We will solve this using the Fourier transform, where $\mathcal{F}_x$ denote the Fourier transform with respect to the $x$ variable, $\mathcal{F}^{-1}_x$ is the inverse and we use the notation $\hat{u}(k,t) = (\mathcal{F}_x u)(k,t)$. We take the Fourier transform on both side: \begin{align*} (\mathcal{F}_x \partial_t u)(k,t) &= -v(\mathcal{F}_x \partial_x u)(k,t) \\ \partial_t \hat{u}(k,t) &= -ikv \hat{u}(k,t) \\ \hat{u}(k,t) &= \hat{\phi}(x)\exp{(-ikvt)} \ . \end{align*} We now take the inverse Fourier transform: \begin{align*} \mathcal{F}^{-1}_x \hat{u}(k,t) &= \mathcal{F}^{-1}_x \hat{\phi}(x)\exp{(-ikvt)} \end{align*} where we have $\mathcal{F}^{-1}_x \hat{u}(k,t) = u(x,t)$ for the left hand side and for the right hand side we have \begin{align*} \mathcal{F}^{-1}_x \hat{\phi}(x)\exp{(-ikvt)} &= \frac{1}{2 \pi} \int_{-\infty}^\infty \hat{\phi}(x)\exp{(-ikvt)} \exp(ikx) \ dk \\ &= \frac{1}{2 \pi} \int_{-\infty}^\infty \hat{\phi}(x) \exp{(-ik(x-vt))} \ dk \\ &= \phi(x-vt) \ . \end{align*} Hence we conclude that the solution to the transport equation is: \begin{align*} u(x,t) = \phi(x-vt) \ , \quad (x,t) \in \mathbb{R} \times [0, \infty) \ . \end{align*}

Problem 2: With Velocity Switch

Let $v \in \mathbb{R}$ be a constant we have: \begin{align*} \partial_t u(x,t) = -vH(t)\partial_x u(x,t) \ , \quad (x,t) \in \mathbb{R} \times \mathbb{R} \ . \end{align*} with the the initial condition $u(x,t) = \phi(x)$ for all $t \leq 0$, where $\phi$ is a Schwartz function. Here $H(t)$ is the Heaviside step function: \begin{align*} H(t) = \begin{cases} \ 1 \ , \quad t\geq 0 . \\ \ 0 \ , \quad t < 0 . \end{cases} \end{align*} My intuition tells me that these two problems should be equivalent so I would expect the solution to the second problem to be: \begin{align*} u(x,t) = \phi(x-H(t)vt) \ , \quad (x,t) \in \mathbb{R} \times \mathbb{R} \ . \end{align*} I will like to show this using Tempered Distributions, but alternative approaches are also welcome.
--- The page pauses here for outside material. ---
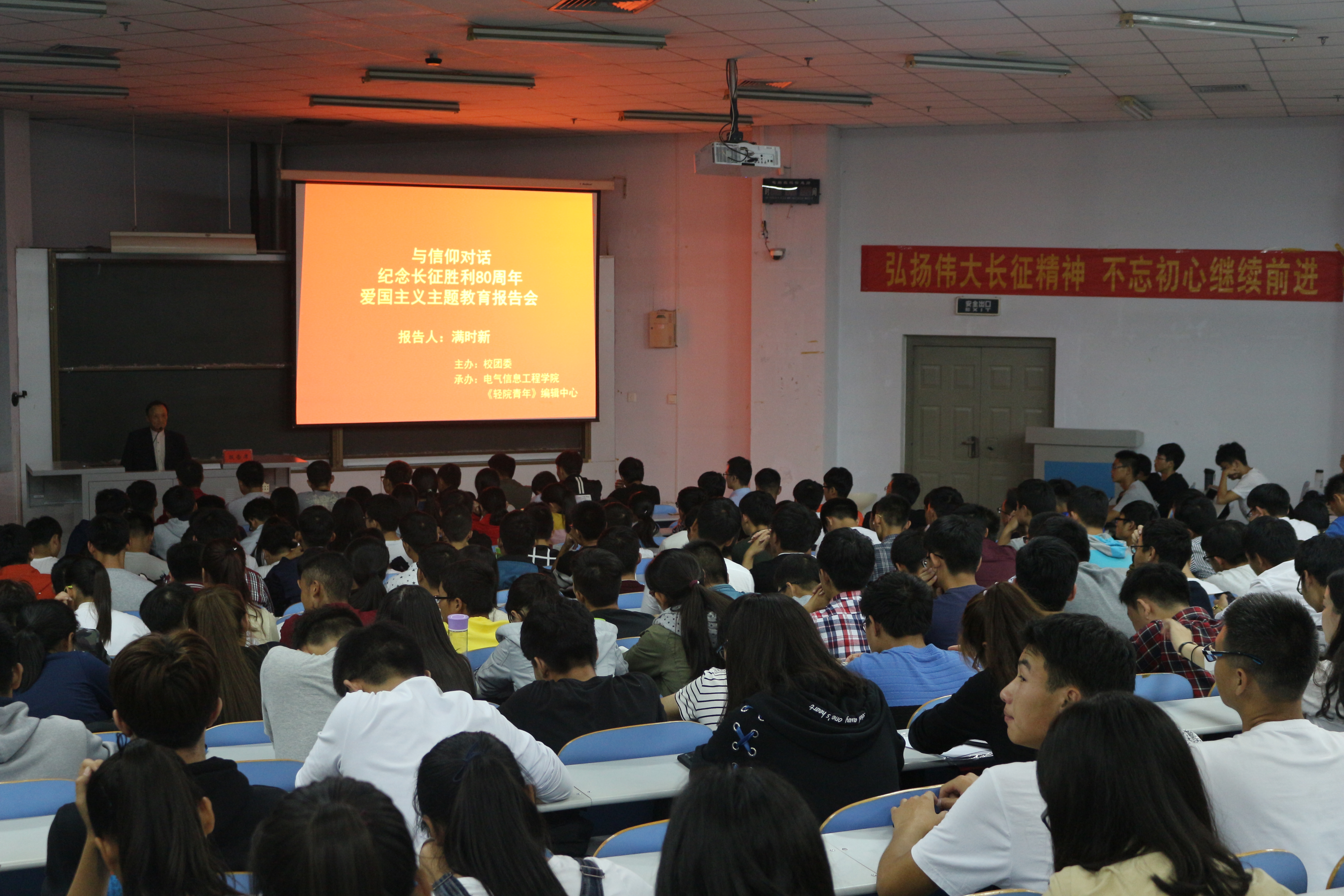 为纪念长征胜利80周年,强化青年学子爱国主义精神,由校团委主办,计算机与通信工程学院、电气信息工程学院承办、轻院青年编辑中心协办的《与信仰对话——纪念长征胜利80周年爱国主义主题教育报告会》分别于10月17日晚7点、10月18日上午10点,在东风校区教三楼203教室、科学校区活动中心208室召开。校团委老师、部分二级学院分团委书记及各院学生代表800余人参加。报告会分别由计算机与通信工程学院分团委书记沈高峰老师、电气信息工程学院分团委书记许海龙老师主持。

Just as a quick disclaimer this is a problem I made up myself, so it may be an ill-posed problem.

Solution Attempt:

As in problem 1 we start by taking the Fourier transform with respect to $x$ then we have \begin{align*} (\mathcal{F}_x \partial_t u)(k,t) &= -vH(t)(\mathcal{F}_x \partial_x u)(k,t) \\ \partial_t \hat{u}(k,t) &= -ikvH(t)\hat{u}(k,t) \ . \end{align*} We now take take the Fourier transform with respect to time. We denote $g(k,t) = H(t)\hat{u}(k,t)$ and $f(k,t) = \hat{u}(k,t)$. Then we have \begin{align*} \mathcal{F}_t\partial_t f(k,t) &= -ikv \mathcal{F}_t g(k,t) \\ i \omega \hat{f}(k,\omega) &= -ikv \hat{g}(k, \omega) \end{align*} Let $\phi(\omega)$ be an arbitrary Schwartz function. We multiply the above with $\phi(\omega)$ and integrate \begin{align*} \int_{-\infty}^\infty i \omega \hat{f}(k,\omega) \phi(\omega) d\omega &= \int_{-\infty}^\infty -ikv \hat{g}(k, \omega) \phi(\omega) d\omega \end{align*} From here I am not really sure how to manipulate it.

Answer 1

Your problems begin when you take $\mathcal{F}_t$. Originally, you have $$\partial_t\hat{u}(k,t)=-ikvH(t)\hat{u}(k,t)$$ This is already solvable as in Problem 1: $$-ikvH(t)=\frac{\partial_t\hat{u}(k,t)}{\hat{u}(k,t)}=\partial_t{\ln{\!(\hat{u}(k,t))}}$$ Now integrate from $0$ to $t$: $$-ikvtH(t)=\ln{\!\left(\frac{\hat{u}(k,t)}{\hat{u}(k,0)}\right)}=\ln{\!\left(\frac{\hat{u}(k,t)}{\hat{\phi}(k)}\right)}$$ Thus $$\hat{u}(k,t)=\hat{\phi}(k)e^{-ikvtH(t)}$$ Taking the inverse transform, $$u(x,t)=\int_{\mathbb{R}}{\hat{\phi(k)}e^{-ikvtH(t)}e^{ikx}\,dk}=\phi(x-vtH(t))$$ as you surmised.

Answer 2

(Because we are allowing $t$ to take negative values, which is nonstandard, I will rename it to $y$.)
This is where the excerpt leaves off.